## Activity
Below are entries; copy exactly the lines from the one with "Die Adresse von" through the one with "Utöver takarbetena målades", both included, and leave out the rest.

## Record excerpts
⟨

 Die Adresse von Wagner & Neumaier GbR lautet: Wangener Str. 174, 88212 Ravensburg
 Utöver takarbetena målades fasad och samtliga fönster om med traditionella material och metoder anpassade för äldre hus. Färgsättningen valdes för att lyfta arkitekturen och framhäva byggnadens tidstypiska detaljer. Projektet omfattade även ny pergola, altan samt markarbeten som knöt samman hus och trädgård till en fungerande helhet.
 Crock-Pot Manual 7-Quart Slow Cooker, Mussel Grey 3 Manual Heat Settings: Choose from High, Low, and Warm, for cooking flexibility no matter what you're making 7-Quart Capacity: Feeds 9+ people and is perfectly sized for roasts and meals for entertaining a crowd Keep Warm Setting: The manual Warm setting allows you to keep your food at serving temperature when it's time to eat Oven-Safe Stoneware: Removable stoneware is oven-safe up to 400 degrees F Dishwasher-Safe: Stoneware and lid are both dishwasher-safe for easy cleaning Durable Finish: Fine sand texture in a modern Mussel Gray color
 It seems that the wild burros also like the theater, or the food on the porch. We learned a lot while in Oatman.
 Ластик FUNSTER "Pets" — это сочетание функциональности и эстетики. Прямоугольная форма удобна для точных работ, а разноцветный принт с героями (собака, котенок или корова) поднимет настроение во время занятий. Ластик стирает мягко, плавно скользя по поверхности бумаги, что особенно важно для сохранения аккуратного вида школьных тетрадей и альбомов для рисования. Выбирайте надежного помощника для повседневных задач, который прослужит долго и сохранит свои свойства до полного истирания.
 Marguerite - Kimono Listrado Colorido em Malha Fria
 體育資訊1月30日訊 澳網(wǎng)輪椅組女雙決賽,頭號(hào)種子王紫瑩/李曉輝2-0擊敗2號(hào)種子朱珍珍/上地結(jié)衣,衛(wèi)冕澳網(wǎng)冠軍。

⟩
⟨

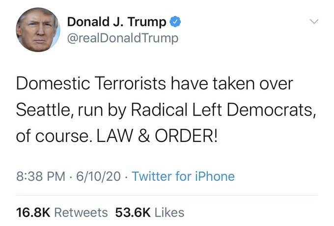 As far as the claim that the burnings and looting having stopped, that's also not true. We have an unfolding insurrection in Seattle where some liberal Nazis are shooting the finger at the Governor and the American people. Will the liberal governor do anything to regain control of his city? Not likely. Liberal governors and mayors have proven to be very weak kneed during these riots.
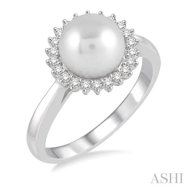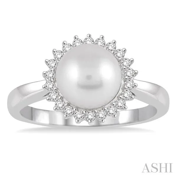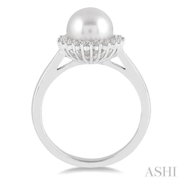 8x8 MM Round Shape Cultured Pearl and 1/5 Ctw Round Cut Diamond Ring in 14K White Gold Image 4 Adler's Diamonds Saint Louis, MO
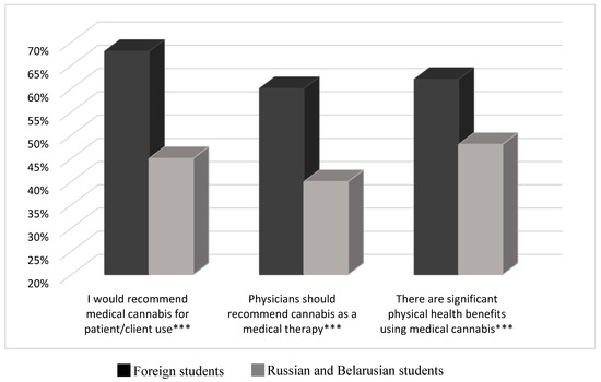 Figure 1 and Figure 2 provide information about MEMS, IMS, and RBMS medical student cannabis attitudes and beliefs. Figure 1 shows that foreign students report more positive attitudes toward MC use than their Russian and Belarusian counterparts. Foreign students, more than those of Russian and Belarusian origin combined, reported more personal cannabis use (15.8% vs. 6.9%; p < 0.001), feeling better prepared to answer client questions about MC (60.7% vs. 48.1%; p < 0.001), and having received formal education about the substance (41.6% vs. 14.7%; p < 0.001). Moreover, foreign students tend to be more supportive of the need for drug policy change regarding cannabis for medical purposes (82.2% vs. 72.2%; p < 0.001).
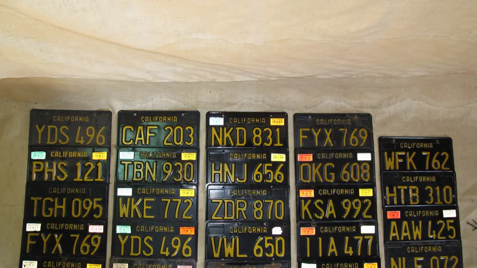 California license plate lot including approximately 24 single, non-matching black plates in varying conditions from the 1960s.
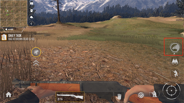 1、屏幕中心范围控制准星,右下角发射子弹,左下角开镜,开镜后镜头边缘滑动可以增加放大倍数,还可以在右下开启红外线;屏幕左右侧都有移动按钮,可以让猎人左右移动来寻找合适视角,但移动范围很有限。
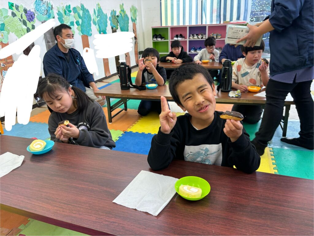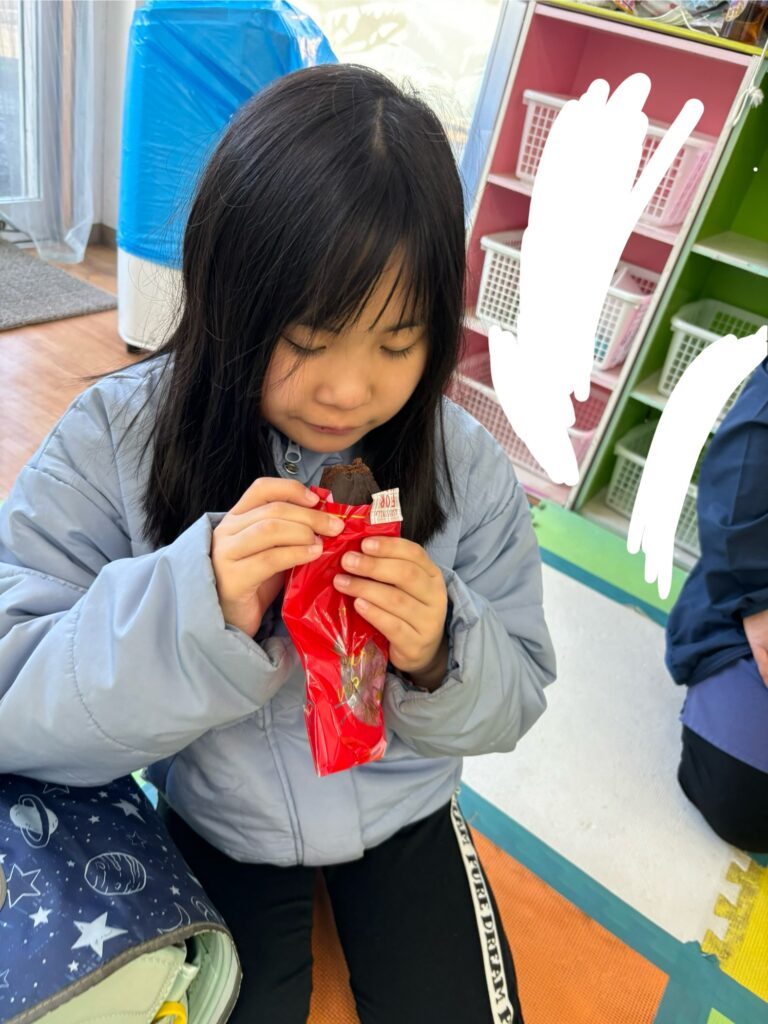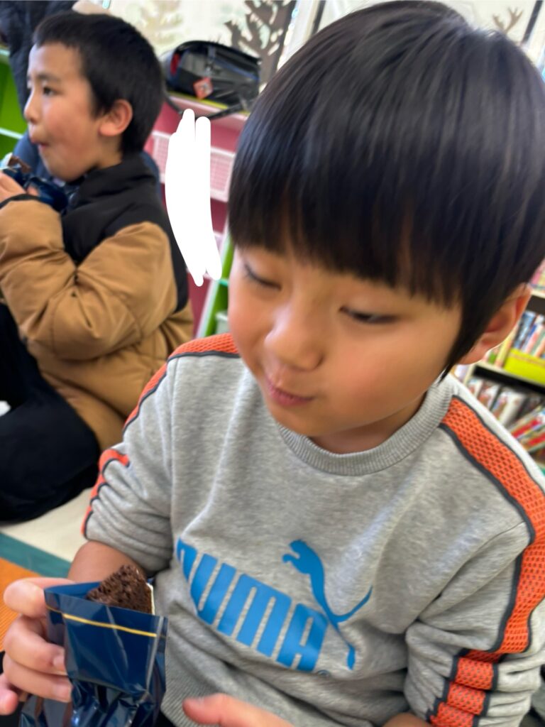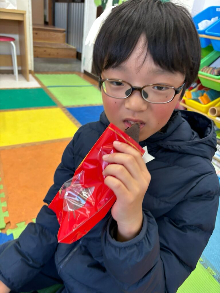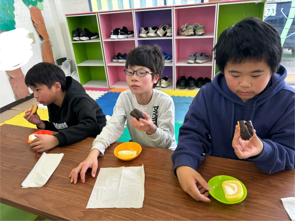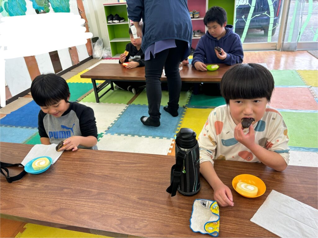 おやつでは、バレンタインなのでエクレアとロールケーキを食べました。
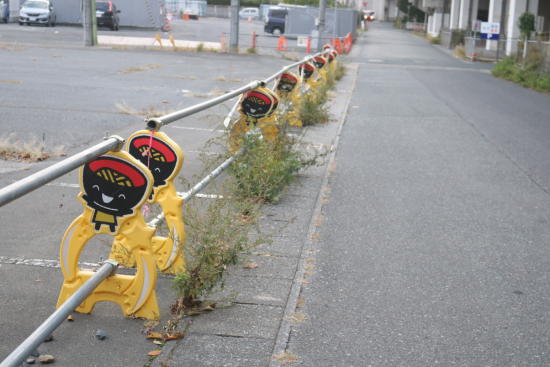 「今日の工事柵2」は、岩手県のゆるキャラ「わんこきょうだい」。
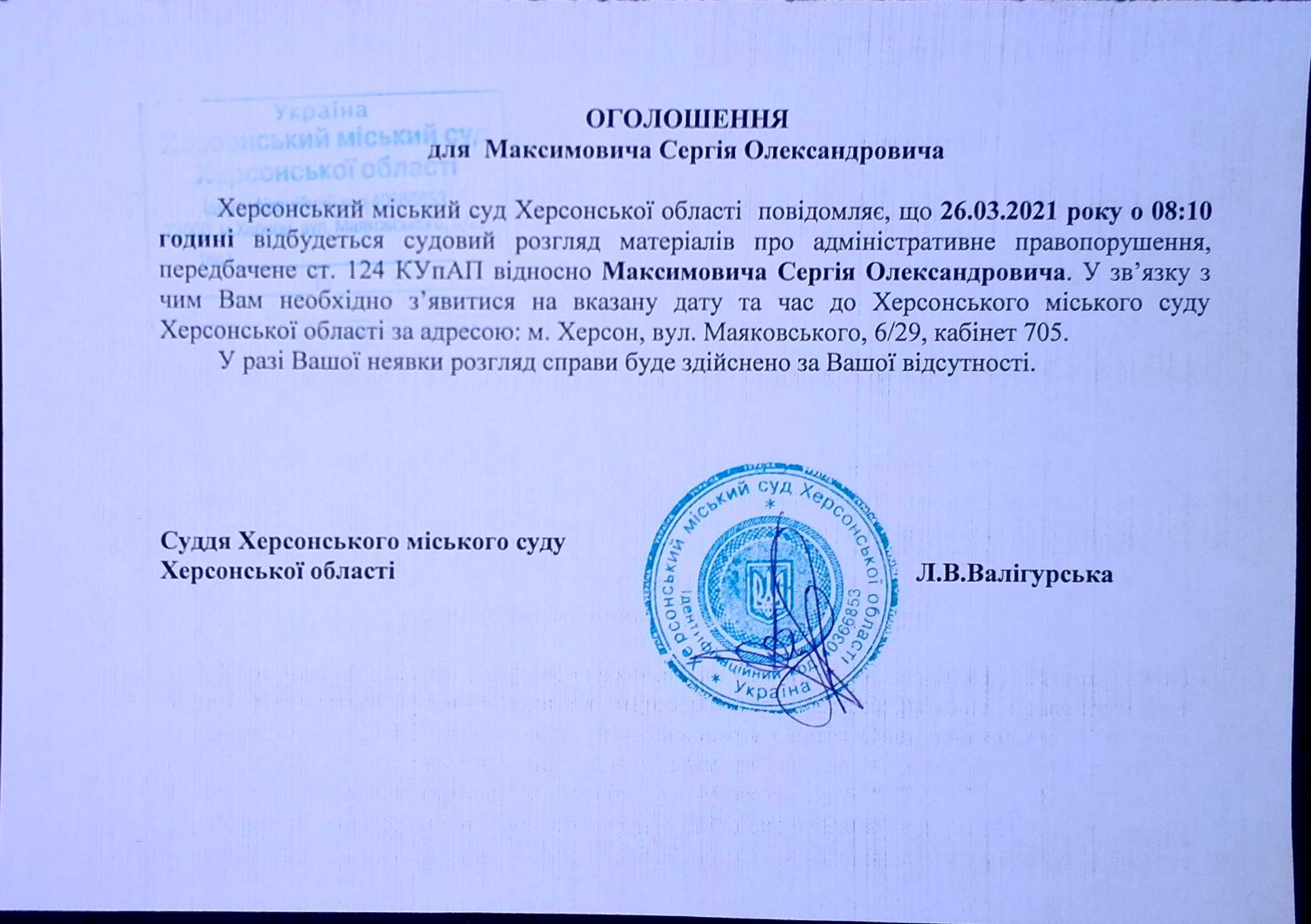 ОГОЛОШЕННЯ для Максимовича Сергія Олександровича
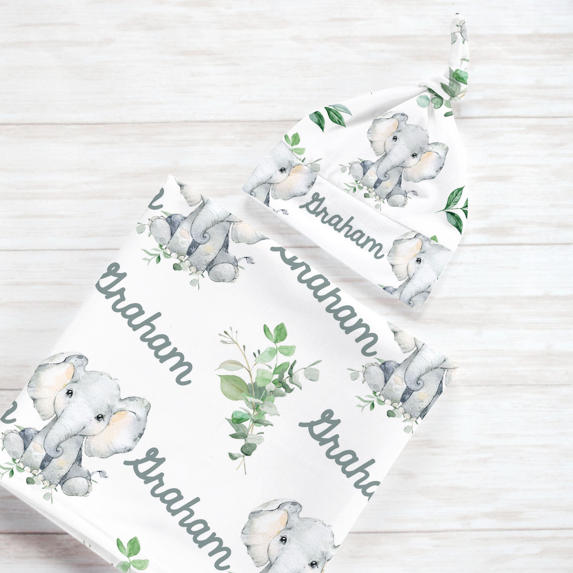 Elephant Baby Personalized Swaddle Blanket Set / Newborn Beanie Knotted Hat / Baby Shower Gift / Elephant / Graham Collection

⟩
⟨

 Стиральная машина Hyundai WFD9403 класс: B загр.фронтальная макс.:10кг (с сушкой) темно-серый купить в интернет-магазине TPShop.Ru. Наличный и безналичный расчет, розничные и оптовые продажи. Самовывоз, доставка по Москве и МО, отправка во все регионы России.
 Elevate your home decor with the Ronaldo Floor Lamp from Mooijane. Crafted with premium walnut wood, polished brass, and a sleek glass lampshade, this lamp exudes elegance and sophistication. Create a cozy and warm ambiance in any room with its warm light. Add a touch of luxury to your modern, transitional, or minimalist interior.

⟩

## Exercise result
 Die Adresse von Wagner & Neumaier GbR lautet: Wangener Str. 174, 88212 Ravensburg
 Utöver takarbetena målades fasad och samtliga fönster om med traditionella material och metoder anpassade för äldre hus. Färgsättningen valdes för att lyfta arkitekturen och framhäva byggnadens tidstypiska detaljer. Projektet omfattade även ny pergola, altan samt markarbeten som knöt samman hus och trädgård till en fungerande helhet.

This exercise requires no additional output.